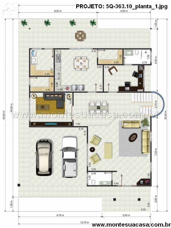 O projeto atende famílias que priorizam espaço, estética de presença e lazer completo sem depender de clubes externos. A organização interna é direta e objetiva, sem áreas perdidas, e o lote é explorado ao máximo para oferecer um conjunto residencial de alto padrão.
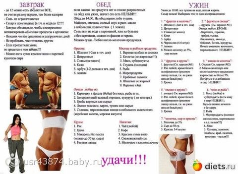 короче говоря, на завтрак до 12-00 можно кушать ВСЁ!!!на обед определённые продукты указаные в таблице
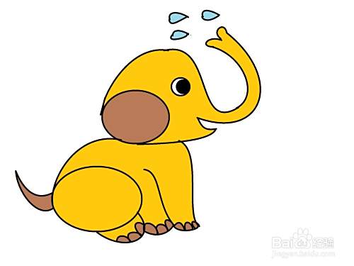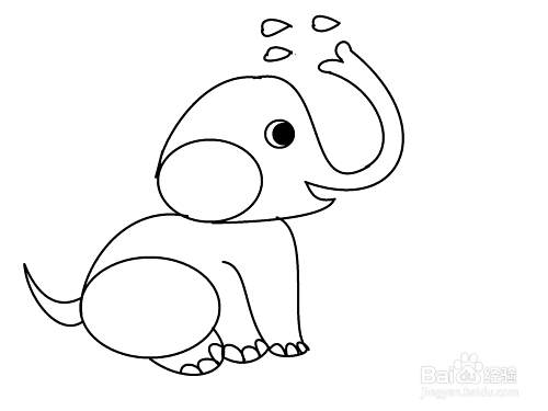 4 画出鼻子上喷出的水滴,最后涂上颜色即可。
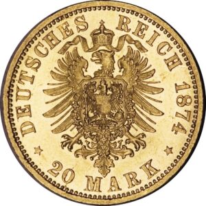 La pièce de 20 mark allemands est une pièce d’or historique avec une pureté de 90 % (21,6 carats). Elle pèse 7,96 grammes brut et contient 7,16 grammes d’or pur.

---

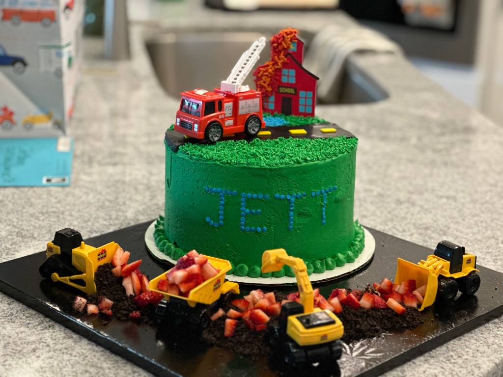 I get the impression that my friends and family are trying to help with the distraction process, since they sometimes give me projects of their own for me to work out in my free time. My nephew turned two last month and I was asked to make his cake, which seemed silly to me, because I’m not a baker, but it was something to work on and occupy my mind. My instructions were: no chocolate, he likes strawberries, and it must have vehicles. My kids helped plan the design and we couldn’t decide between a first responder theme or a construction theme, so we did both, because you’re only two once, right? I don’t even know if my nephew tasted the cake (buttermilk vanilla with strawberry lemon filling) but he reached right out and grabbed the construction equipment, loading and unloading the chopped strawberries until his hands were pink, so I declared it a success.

==

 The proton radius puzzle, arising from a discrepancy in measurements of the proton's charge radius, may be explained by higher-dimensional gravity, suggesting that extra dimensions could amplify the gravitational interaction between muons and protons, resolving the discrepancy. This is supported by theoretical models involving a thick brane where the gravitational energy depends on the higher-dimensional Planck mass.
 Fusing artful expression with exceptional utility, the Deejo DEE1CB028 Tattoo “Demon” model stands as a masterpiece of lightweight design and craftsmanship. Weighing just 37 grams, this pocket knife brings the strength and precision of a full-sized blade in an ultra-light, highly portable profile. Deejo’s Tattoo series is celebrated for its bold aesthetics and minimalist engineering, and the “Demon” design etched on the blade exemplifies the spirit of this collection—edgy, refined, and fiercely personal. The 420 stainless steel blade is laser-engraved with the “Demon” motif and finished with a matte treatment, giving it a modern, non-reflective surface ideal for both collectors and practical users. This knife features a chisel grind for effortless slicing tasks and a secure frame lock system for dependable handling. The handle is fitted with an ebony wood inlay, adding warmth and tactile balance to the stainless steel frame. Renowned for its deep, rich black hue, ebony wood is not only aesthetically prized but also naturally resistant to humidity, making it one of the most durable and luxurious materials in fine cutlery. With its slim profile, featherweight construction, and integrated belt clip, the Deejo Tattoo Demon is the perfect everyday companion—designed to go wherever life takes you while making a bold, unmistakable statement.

Exercise details: Starting at the line with "O projeto atende" in the entries above, write out every line exactly until the line with "4 画出鼻子上喷出的水滴,最后涂上颜色即可。" has been written. Include no pictures and nothing more.

Exercise output:
 O projeto atende famílias que priorizam espaço, estética de presença e lazer completo sem depender de clubes externos. A organização interna é direta e objetiva, sem áreas perdidas, e o lote é explorado ao máximo para oferecer um conjunto residencial de alto padrão.
 короче говоря, на завтрак до 12-00 можно кушать ВСЁ!!!на обед определённые продукты указаные в таблице
 4 画出鼻子上喷出的水滴,最后涂上颜色即可。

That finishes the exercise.